# Task input
--- START ---
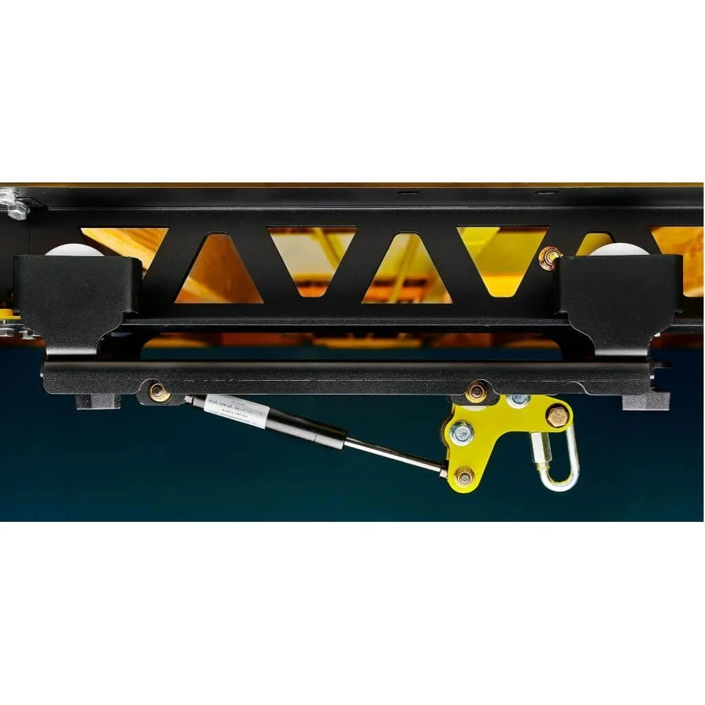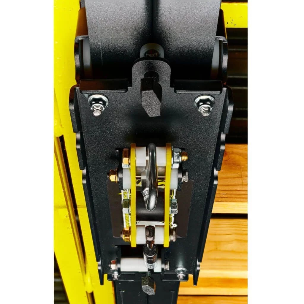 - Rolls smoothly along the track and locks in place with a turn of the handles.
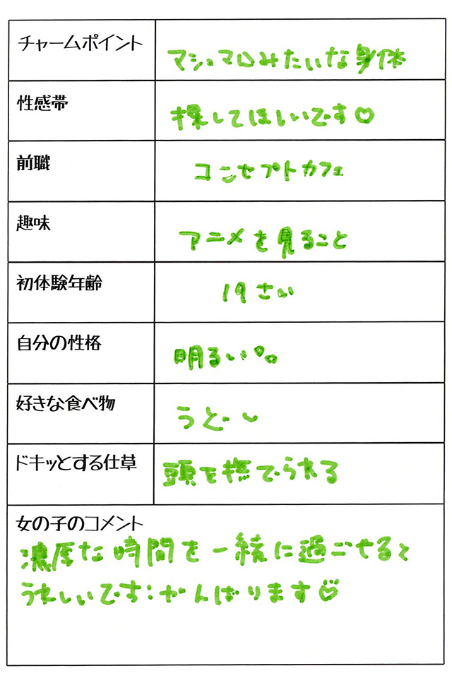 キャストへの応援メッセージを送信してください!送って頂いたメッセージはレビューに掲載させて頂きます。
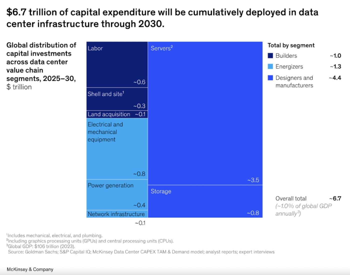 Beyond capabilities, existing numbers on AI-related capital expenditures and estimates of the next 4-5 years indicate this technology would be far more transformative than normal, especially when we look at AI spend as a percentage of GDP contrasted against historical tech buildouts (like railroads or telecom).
--- END ---
--- START ---
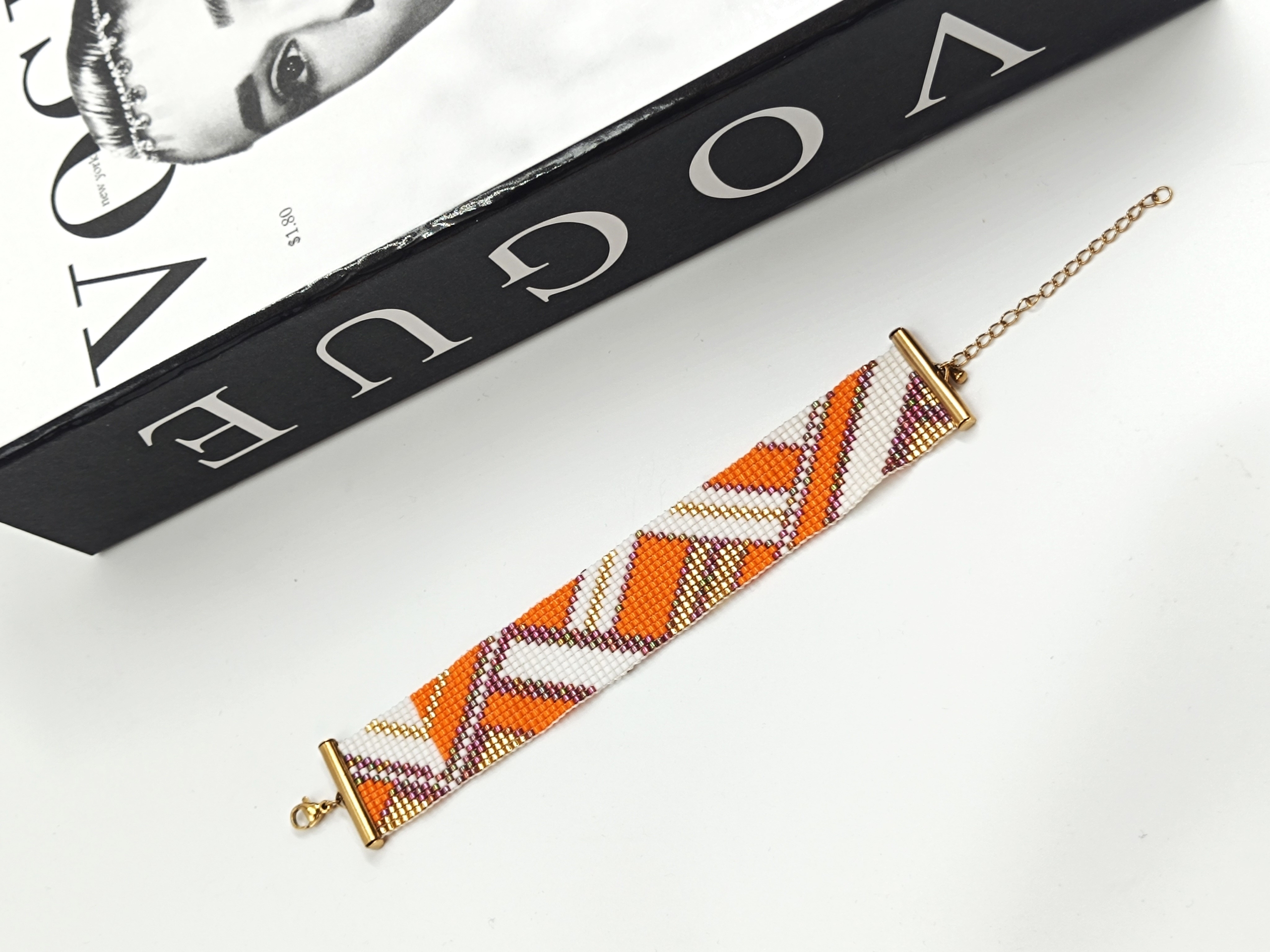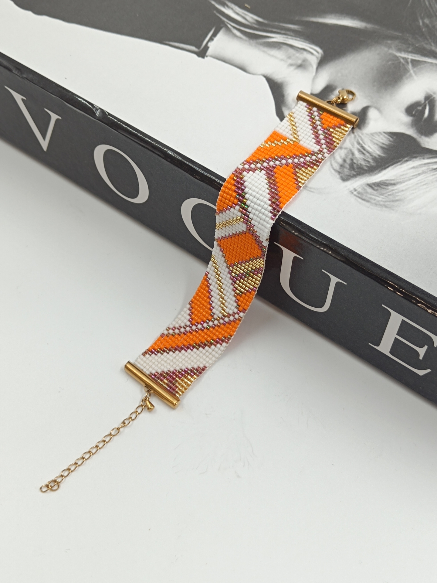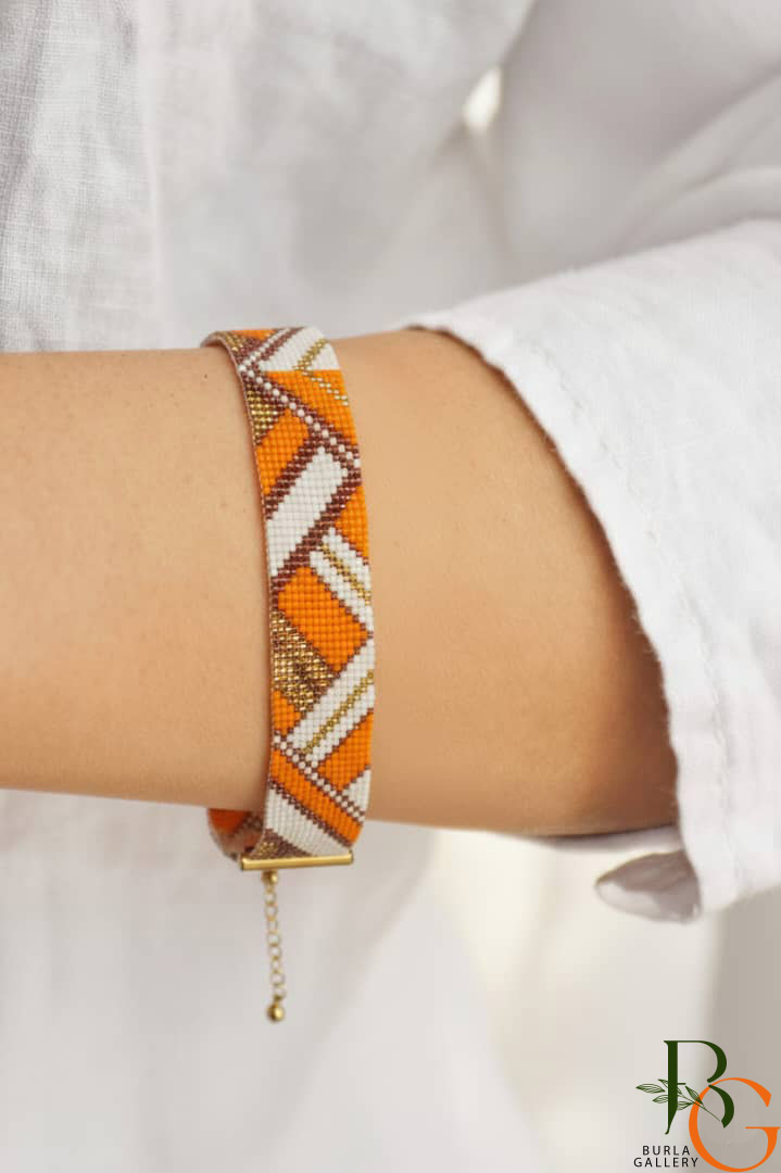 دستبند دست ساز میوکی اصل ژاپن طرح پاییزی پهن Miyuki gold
--- END ---
--- START ---
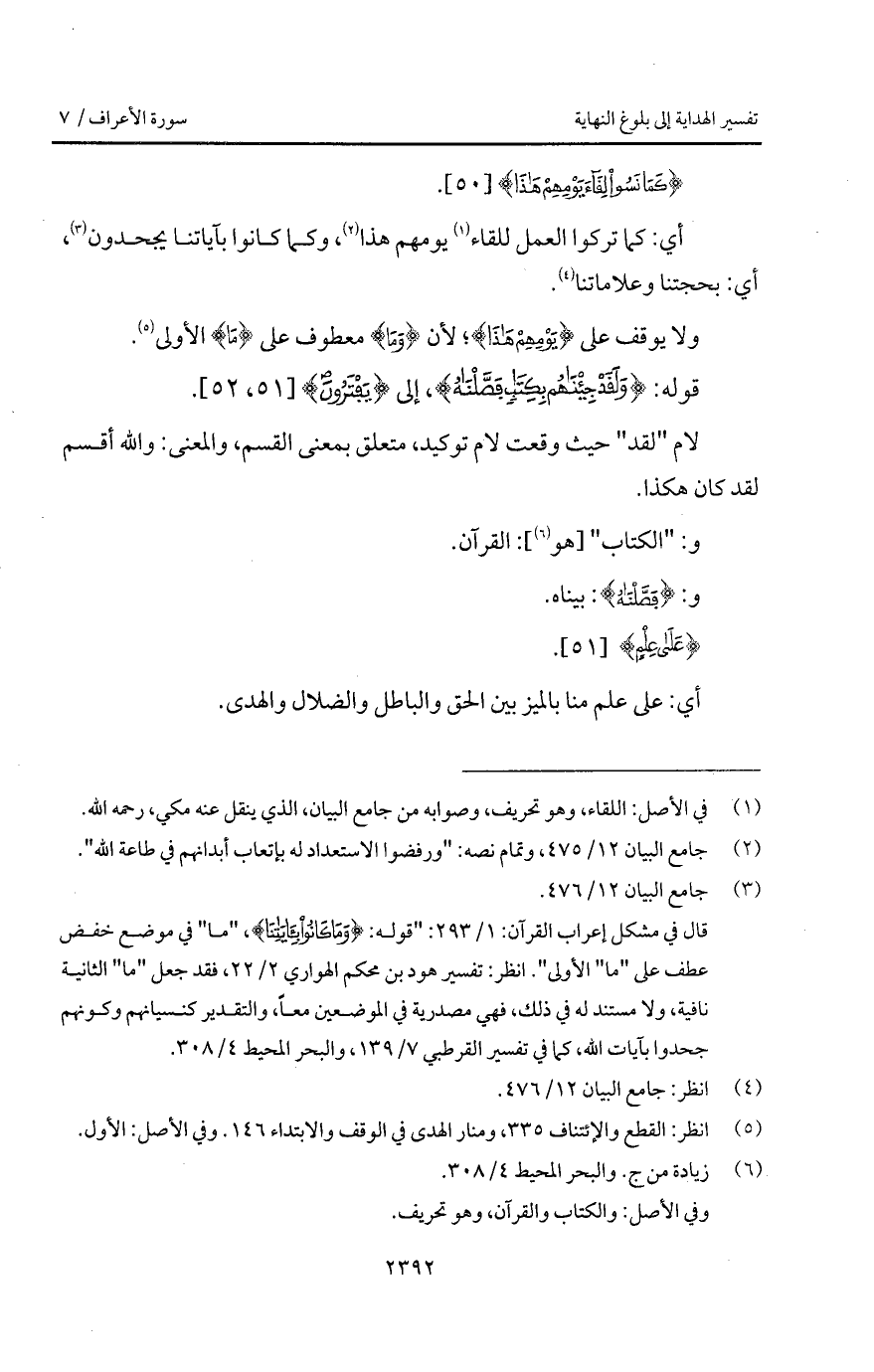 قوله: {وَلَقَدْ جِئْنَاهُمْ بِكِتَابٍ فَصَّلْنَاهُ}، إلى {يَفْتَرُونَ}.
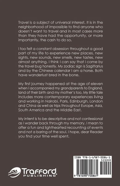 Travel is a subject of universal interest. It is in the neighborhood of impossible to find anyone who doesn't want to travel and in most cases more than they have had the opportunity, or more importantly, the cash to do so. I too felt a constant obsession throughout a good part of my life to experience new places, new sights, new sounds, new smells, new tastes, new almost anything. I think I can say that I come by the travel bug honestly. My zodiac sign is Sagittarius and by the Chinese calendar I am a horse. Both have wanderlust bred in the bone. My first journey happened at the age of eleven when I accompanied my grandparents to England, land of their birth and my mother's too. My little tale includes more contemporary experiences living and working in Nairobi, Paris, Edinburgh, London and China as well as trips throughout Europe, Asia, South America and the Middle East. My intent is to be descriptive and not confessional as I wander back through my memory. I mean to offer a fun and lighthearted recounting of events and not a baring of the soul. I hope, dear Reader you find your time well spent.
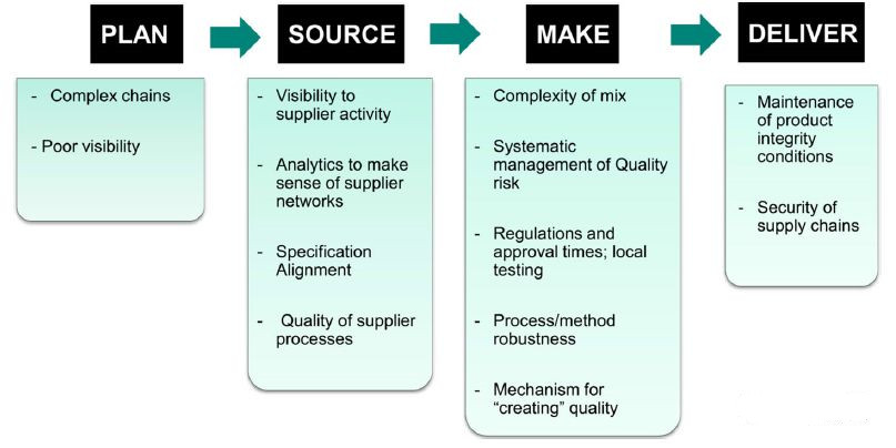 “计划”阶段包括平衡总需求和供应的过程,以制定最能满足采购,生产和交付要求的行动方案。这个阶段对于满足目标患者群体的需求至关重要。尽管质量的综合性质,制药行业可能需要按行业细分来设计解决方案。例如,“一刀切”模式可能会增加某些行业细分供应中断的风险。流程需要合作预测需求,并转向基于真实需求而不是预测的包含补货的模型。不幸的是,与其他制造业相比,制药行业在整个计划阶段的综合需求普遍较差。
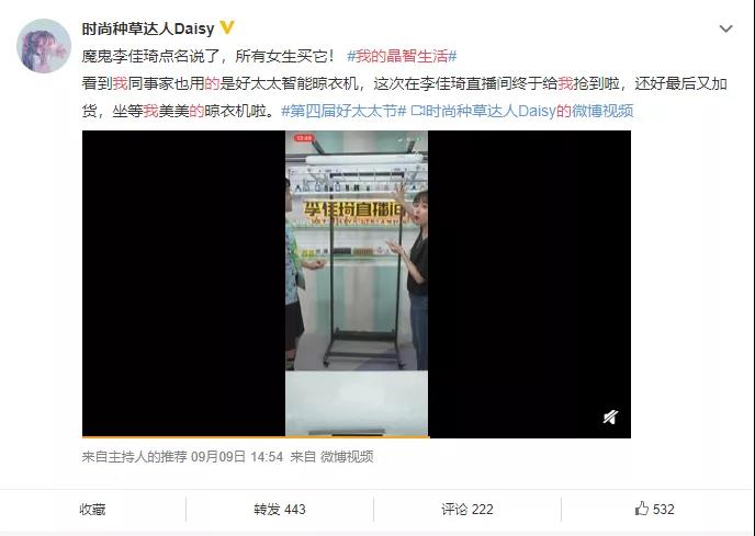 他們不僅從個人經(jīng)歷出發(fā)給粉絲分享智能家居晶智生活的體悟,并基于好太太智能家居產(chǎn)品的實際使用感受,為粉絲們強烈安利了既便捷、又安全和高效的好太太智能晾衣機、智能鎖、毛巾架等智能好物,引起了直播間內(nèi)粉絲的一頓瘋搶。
--- END ---
# Exercise
A verbatim reproduction is expected: starting at the line above that has "- Rolls smoothly", ending at the line that has "Beyond capabilities, existing", both included, and with no pictures and no other lines.

# Task solution
 - Rolls smoothly along the track and locks in place with a turn of the handles.
 キャストへの応援メッセージを送信してください!送って頂いたメッセージはレビューに掲載させて頂きます。
 Beyond capabilities, existing numbers on AI-related capital expenditures and estimates of the next 4-5 years indicate this technology would be far more transformative than normal, especially when we look at AI spend as a percentage of GDP contrasted against historical tech buildouts (like railroads or telecom).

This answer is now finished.